Question-level performance analysis
We analyzed the performance on each question across all groups to identify patterns of strength and weakness. Table 2 shows how many physicians in each group answered each question correctly, along with the performance of each AI system on individual questions.
Some diagnostic questions were answered correctly by almost all participants, representing areas of fundamental knowledge in current clinical practice guidelines. Question 9, which asked about the preferred imaging modality for PTE diagnosis, with the correct answer being CT pulmonary angiography, was answered correctly by all groups at 100% accuracy. Question 4 addressed the Pulmonary Embolism Severity Index (PESI) for mortality risk assessment and showed high performance across all groups. Question 3 addressed the appropriate use of D-dimer for rule-out in low pre-test probability settings. These questions showed accuracy rates exceeding 90% across all participant groups, indicating that these represent well-established concepts that are consistently understood and applied in clinical practice.
In contrast, some questions showed notable performance differences between groups, particularly those involving complex clinical scenarios or specialized knowledge. Question 15 addressed the management of subsegmental pulmonary embolism in specific clinical contexts. Emergency medicine physicians answered this correctly at 40%, while internal medicine and pulmonary specialists achieved 80% accuracy. This pattern highlights the impact of subspecialty expertise on complex clinical scenarios that require nuanced decision-making. Question 18 concerned therapeutic strategies for cancer-associated thromboembolism, where emergency medicine physicians achieved 43% accuracy while specialist groups achieved 80% accuracy. Claude 2 answered both of these challenging questions correctly, while ChatGPT-4 and MedPalm each missed one of these questions, demonstrating variable AI performance in complex scenarios.
Questions about anticoagulation duration, DOAC selection, and thrombolysis criteria showed clear patterns that distinguished specialist knowledge from generalist performance.

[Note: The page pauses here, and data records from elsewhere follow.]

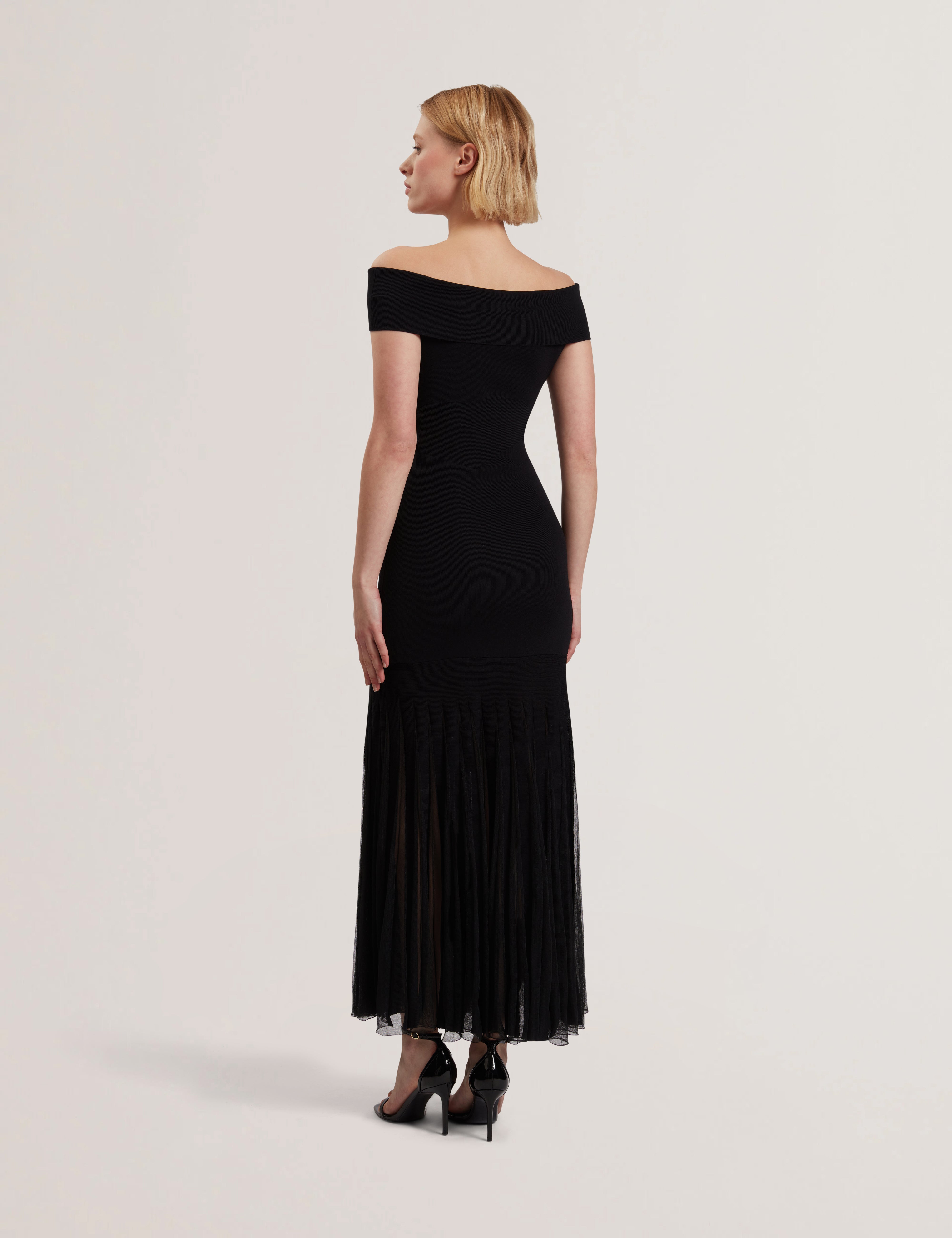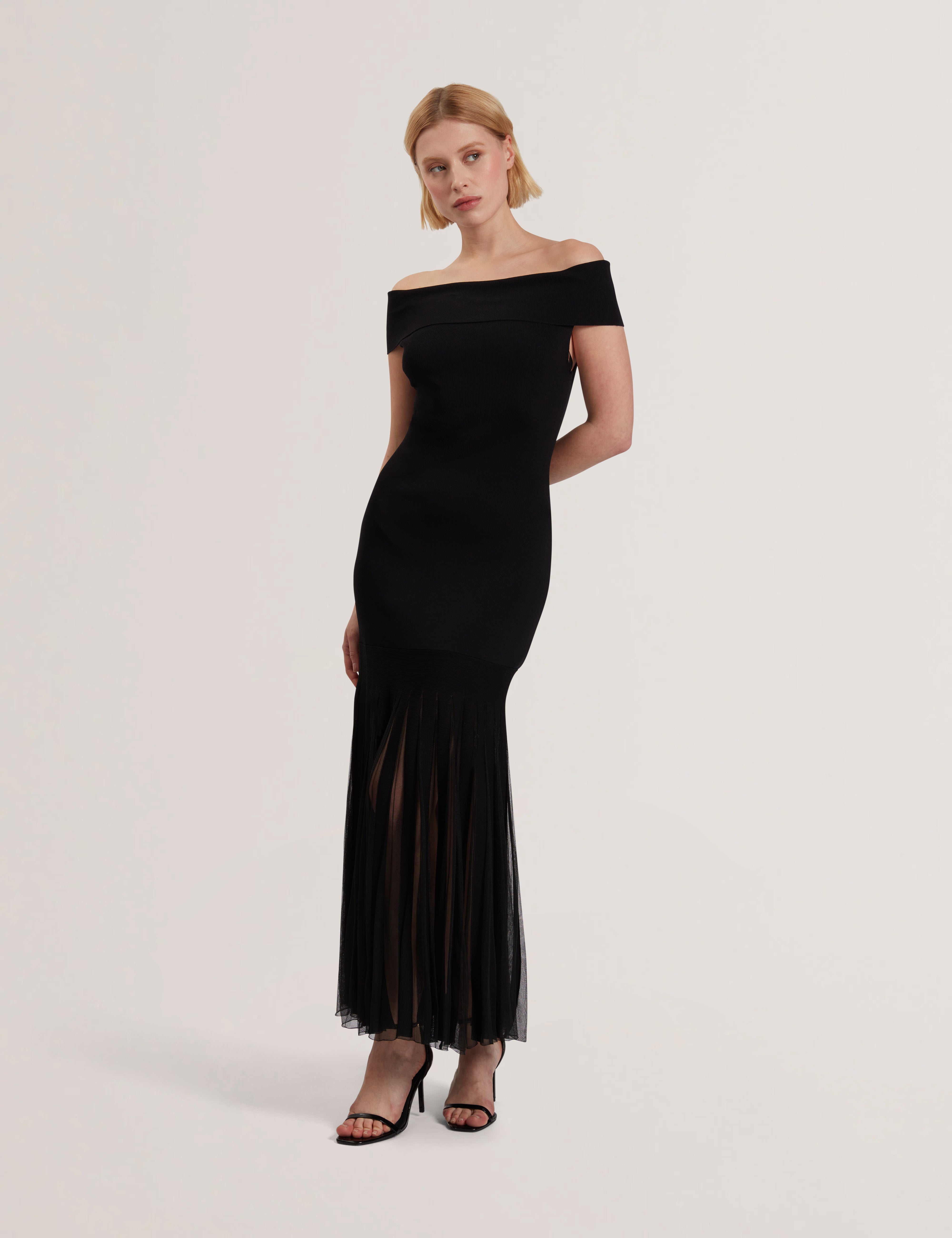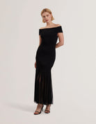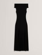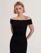 Women's SUANNAA-Dropped Waist Off The Shoulder Knit Dress Black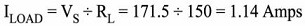 สัญญาณเอาต์พุตจากวงจรเรียงกระแสจะป้อนเข้าสู่โหลดความต้านทาน 150 โอห์ม จากนั้นเมื่อใช้กฎของโอห์ม กระแสโหลดจะเป็น: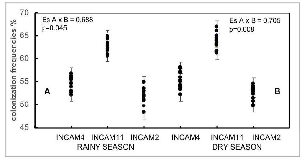 Colonization frequencies when INCAM-11 was applied ranged between 60.8 and 64.2 % in rainy period, and between 61.1 % and 66.9 % in low rainy period, showing differences (p≤0.05) in each period among some cultivars, but not between growing periods. When INCAM-4 and INCAM-2 were inoculated, the colonization frequencies veried between 52.6 % – 56.8 % and 48.3 % - 54.9 % in the rainy period, and between 52.1 % - 57.9 % and 49.6 % – 54.5 % in the low rainy period respectively, showing some differences (p≤0.05) between cultivars in each period, but not between growing periods. Non-inoculated cultivars presented the lowest values of colonization frequency (p≤0.05), ranging from 9 % and 18 %.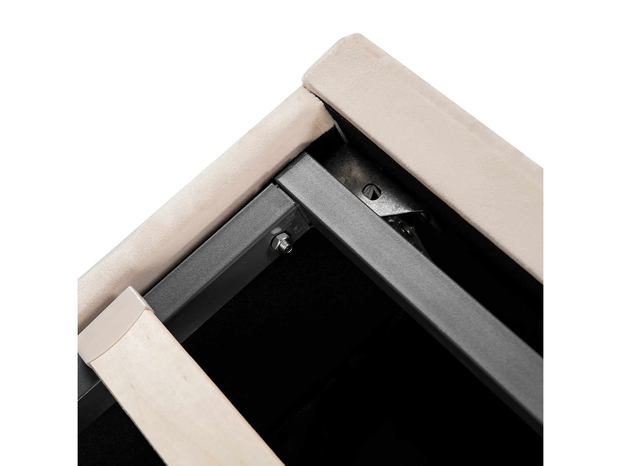 Lit coffre 160x200 cm avec sommier - tête de lit réglable en hauteur - métal + bois - velours beige (sans matelas)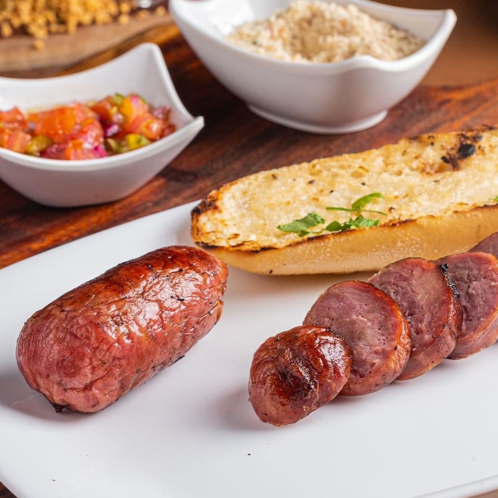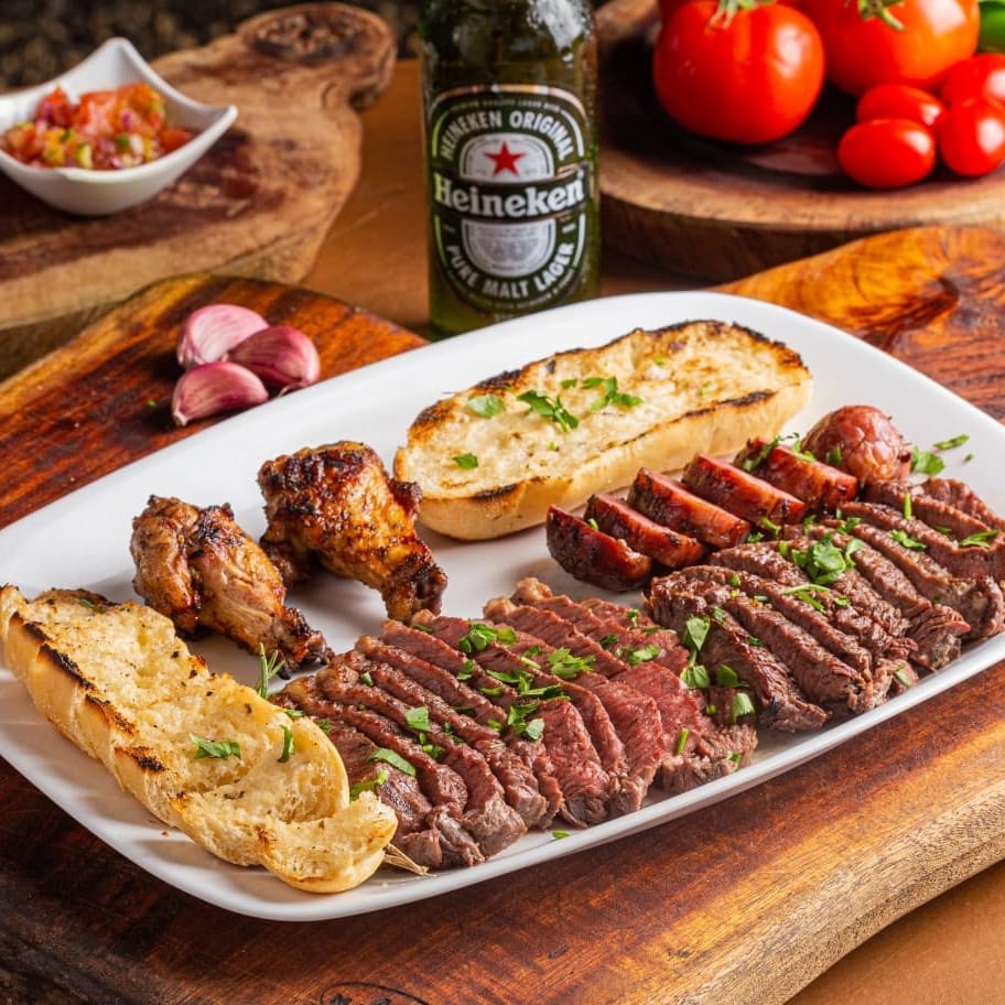 "2 drumets, 1 linguiça, em média 300g de coração da alcatra. Acompanhamentos= molho vinagrete, farofa e pão de alho. ""Porção generosa que inclui 2 drumets suculentos, 1 linguiça saborosa e cerca de 300g de coração de alcatra macio e bem temperado. Para complementar essa combinação irresistível, acompanham molho vinagrete fresquinho, farofa crocante e bem temperada, além do pão de alho douradinho por fora e macio por dentro. Uma experiência completa e deliciosa, perfeita para quem não abre mão de sabor e qualidade em cada mordida."""

Question 7 evaluated knowledge of the minimum anticoagulation duration for provoked PTE, where all internal medicine and pulmonary specialists answered correctly, but only 57% of emergency medicine physicians provided the correct answer. All three AI systems correctly answered standard anticoagulation duration questions, suggesting that guideline-based recommendations are well captured in their training data. However, AI systems showed some variation on complex cases involving special populations such as pregnancy and renal failure, where guideline application requires additional clinical reasoning beyond straightforward knowledge recall.
Questions involving the Wells score and Geneva score for pretest probability assessment showed high accuracy across all groups, indicating that these clinical decision rules are well understood and consistently applied in practice. Question 2 addressed Wells' score criteria and point values and was answered correctly by 86% of all physicians and all AI systems. Question 12 involved risk stratification in hemodynamically unstable patients, where emergency medicine physicians showed lower accuracy at 57% compared to specialist groups at 80%, again reflecting the impact of specialized experience on complex decision-making scenarios.
The question-level analysis reveals that AI performance varies based on question complexity and clinical context, with AI systems performing well on straightforward guideline-based questions and standard clinical scenarios. Performance differences appeared in questions requiring integration of multiple clinical factors or involving less common clinical presentations that may be underrepresented in training data. Claude 2 demonstrated consistent performance across question types and matched or exceeded physician performance on 20 of 25 questions. ChatGPT-4 and MedPalm showed more variable performance with stronger results on diagnostic questions compared to management scenarios, suggesting differences in how these systems process and apply clinical knowledge.
Claude 2 performed differently from the other AI systems on several questions, demonstrating distinctive capabilities in certain knowledge domains. Question 6 tested knowledge of Hestia criteria for outpatient PTE treatment eligibility, which Claude 2 answered correctly, while ChatGPT-4 and MedPalm both answered incorrectly. Among physicians, only two of seven emergency medicine specialists answered this question correctly, while three of five internal medicine specialists and three of five pulmonary specialists provided correct answers. This places Claude 2's performance in line with specialist physicians on this specific clinical decision tool. Question 14 addressed characteristics of the Geneva score, which Claude 2 answered correctly while the other AI systems did not, further illustrating the heterogeneity in AI system knowledge bases.
All three AI systems failed on certain management questions, revealing shared limitations in AI clinical reasoning. Question 5 addressed the management of hemodynamically stable patients with a large clot burden, where the correct approach involves consideration of thrombolysis in submassive pulmonary embolism. All AI systems answered this question incorrectly, while physicians showed moderate success rates ranging from 57% to 80% across groups. Question 23 concerned whether to add an inferior vena cava (IVC) filter in a patient with both deep vein thrombosis and pulmonary embolism, with the correct answer being that anticoagulation alone is sufficient. All AI systems answered this question incorrectly, and this question also posed difficulty for physicians, with success rates ranging from 43% to 80% across specialties. These shared AI failures suggest that certain clinical scenarios, particularly those involving nuanced risk-benefit analysis or situations where the standard approach might seem counterintuitive, remain challenging for current AI systems.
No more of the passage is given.